Omdat klager zich niet aan de gemaakte afspraken heeft gehouden is hij gerapporteerd door een personeelslid en is hem een sanctie opgelegd. Ter zitting van de beroepscommissie heeft de directeur een kopie van een mailbericht van 28 oktober 2009 aan het
personeel overgelegd, waarin de gemaakte afspraken worden weergegeven.
Tijdens het bezoek mogen volgens de huisregels geen wijde broeken, house- en trainingsbroeken of hierop gelijkende broeken worden gedragen. Dit is om veiligheidsredenen niet toegestaan vanwege de mogelijkheid hier iets onder te verbergen. Ondanks de
duidelijk met klager gemaakte afspraak heeft klager bewust gekozen zijn djellaba aan te houden op weg naar het bezoekmoment en hiermee de confrontatie met het personeel opgezicht. Hierdoor is klagers bezoek te laat aangevangen.
Klager wenst zich niet te schikken naar de inrichtingsregels en zoekt regelmatig de grens van het toelaatbare op voor wat betreft het dragen van zijn gebedskleed. Als klager hierover werd aangesproken ging hij in beklag. Mogelijk is sprake van misbruik
van beklagrecht. Klager is niet retour gekomen van een incidenteel verlof en voortvluchtig.
Ten aanzien van klager zijn geen contra-indicaties voor een plaatsing op een meerpersoonscel. Klager had andere moslim gedetineerden kunnen uitkiezen met wie hij de cel zou kunnen delen.
3. De beoordeling
a.
Klager klaagt erover dat het bezoek op 22 oktober 2009 te laat is aangevangen. In het klaagschrift van 23 oktober 2009 geeft klager zelf als reden aan dat het bezoek vooraf de meegebrachte spullen moest afgeven. Niet is gebleken dat de directeur enige
op hem rustende zorgplicht heeft geschonden. Gelet hierop dient het beroep van klager ongegrond te worden verklaard.
b, c en d.
De beroepscommissie stelt vast dat de beklagcommissie het beklag gegrond heeft verklaard. Ingevolge artikel 69, eerste lid, Pbw in verband met artikel 68, eerste lid, Pbw staat voor klager geen beroep open tegen een gegrondverklaring van een beklag. Om
die reden dient klager niet-ontvankelijk in zijn beroep te worden verklaard.
Wat betreft het door de directeur ingestelde beroep tegen de gegrondverklaring, overweegt de beroepscommissie het volgende. De klachten houden verband met het feit dat klager uit geloofsovertuiging in de inrichting een djellaba wil dragen. Ten aanzien
van het dragen van kleding in de inrichting gelden de bepalingen van de huisregels.
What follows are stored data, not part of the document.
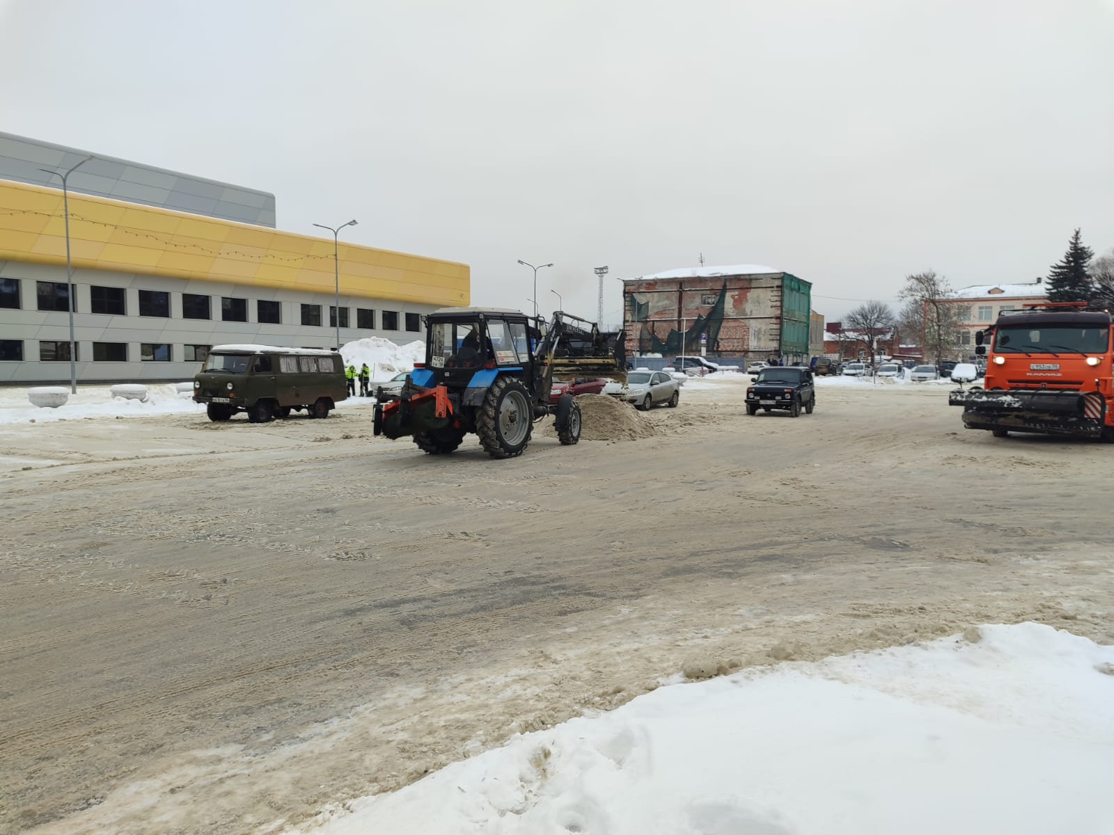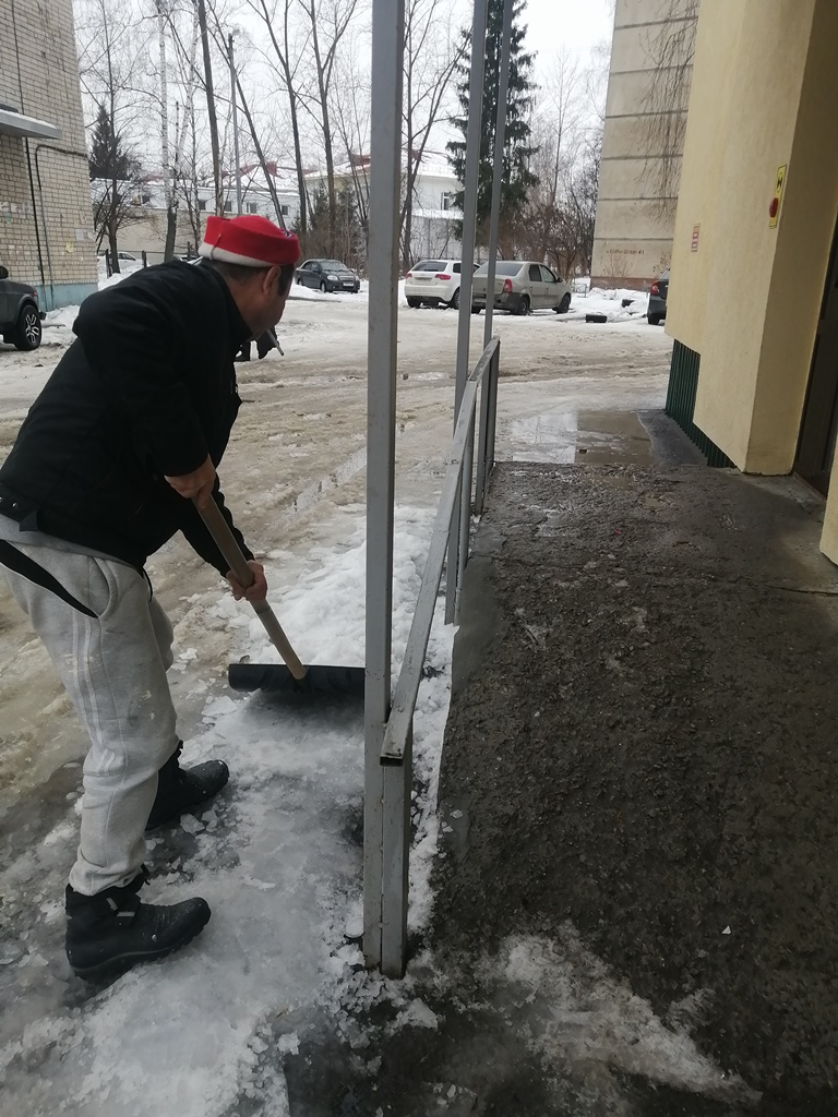 Трудовые коллективы промышленных предприятий, объектов потребительского рынка, учреждений образования, здравоохранения, культуры, спорта, приняли участие в работах по очистке от снега подходов к зданиям и прилегающих к ним территорий, опасные участки обработаны противогололедными средствами.
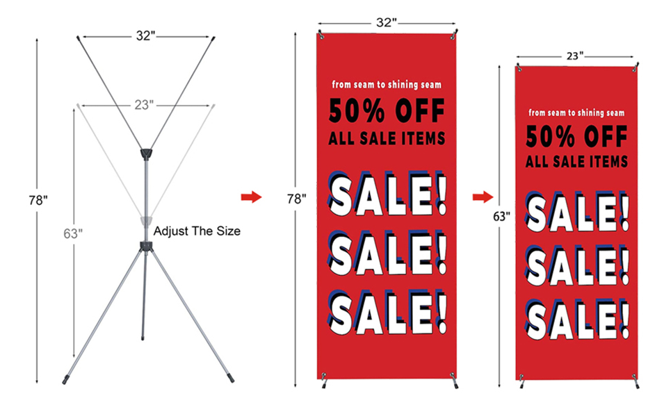 Premium Adjustable X-Frame Banner Stand 23"x63" to 32"x78"
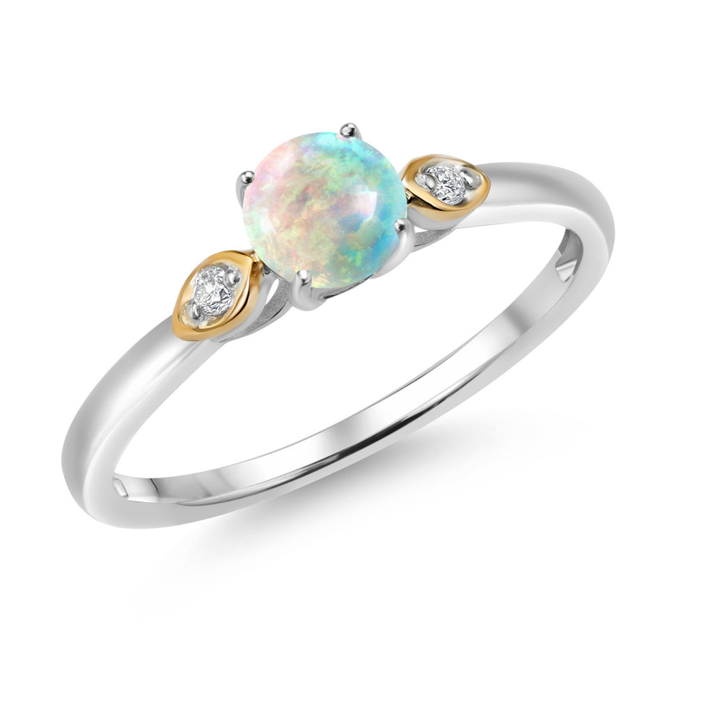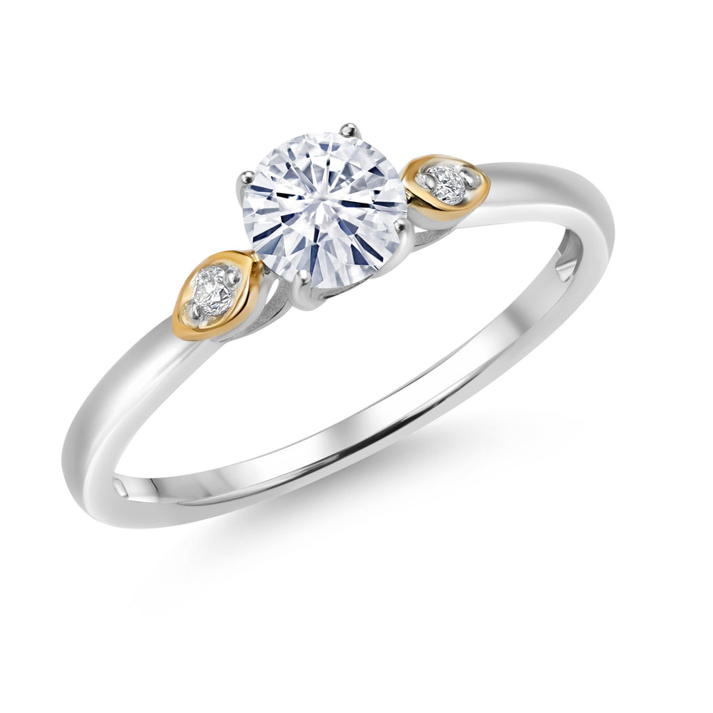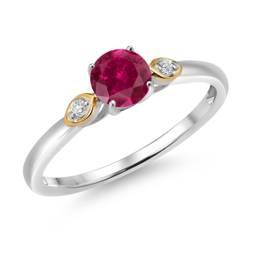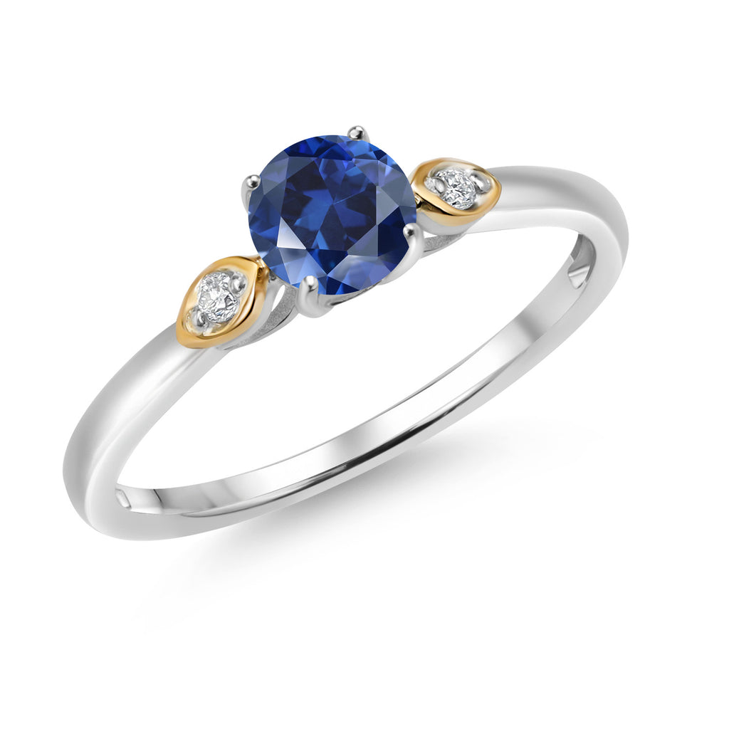 EXCEPTIONAL QUALITY AND CRAFTSMANSHIP: This stunning 3-stone engagement ring features a 5MM round gemstone birthstone, flanked by two sparkling white lab-grown diamonds. Crafted from high-quality 925 sterling silver and accented with 10K yellow gold, this ring ensures durability and a luxurious finish that will last a lifetime.

Deze houden in dat een gedetineerde minimaal gekleed dient te zijn in een broek, shirt/overhemd en schoeisel (hoofdstuk 1 van de Huisregels). Teneinde klager enigszins
tegemoet te komen is met hem de afspraak gemaakt dat hij op de afdeling de djellaba mag dragen. Buiten de afdeling dient hij onder de djellaba kleding te dragen overeenkomstig de geldende regels. Tijdens het bezoek is het dragen van een wijde broek,
jogging-, house-, trainings- en hierop gelijkende broeken niet toegestaan (hoofdstuk 3.8.1 van de huisregels). De directeur heeft ter zitting van de beroepscommissie toegelicht dat de kledingsregels voortvloeien uit veiligheidsoverwegingen. Tevens is
ter zitting duidelijk geworden dat de voor klager geldende afwijkende afspraken helder met het personeel zijn gecommuniceerd. Niet is gebleken dat klager hierdoor wordt gehinderd in het belijden van zijn geloofsovertuiging. Het beroep van de directeur
dient derhalve gegrond te worden verklaard. De uitspraak van de beklagcommissie zal in zoverre worden vernietigd en het beklag zal alsnog ongegrond worden verklaard.
e en f
De beroepscommissie is van oordeel dat de beklagcommissie op goede gronden en met juistheid op deze onderdelen van het beklag heeft beslist. Het beroep van klager zal derhalve in zoverre ongegrond worden verklaard.
g.
Nu klager zich op 13 januari 2010 heeft onttrokken aan zijn detentie, is de beroepscommissie van oordeel dat het belang van klager aan het beroep is komen te ontvallen. Om deze reden dient klager niet-ontvankelijk te worden verklaard in zijn beroep.
4. De uitspraak
De beroepscommissie verklaart het beroep van klager wat betreft de onderdelen a, e en f ongegrond en bevestigt in zoverre de uitspraak van de beklagcommissie.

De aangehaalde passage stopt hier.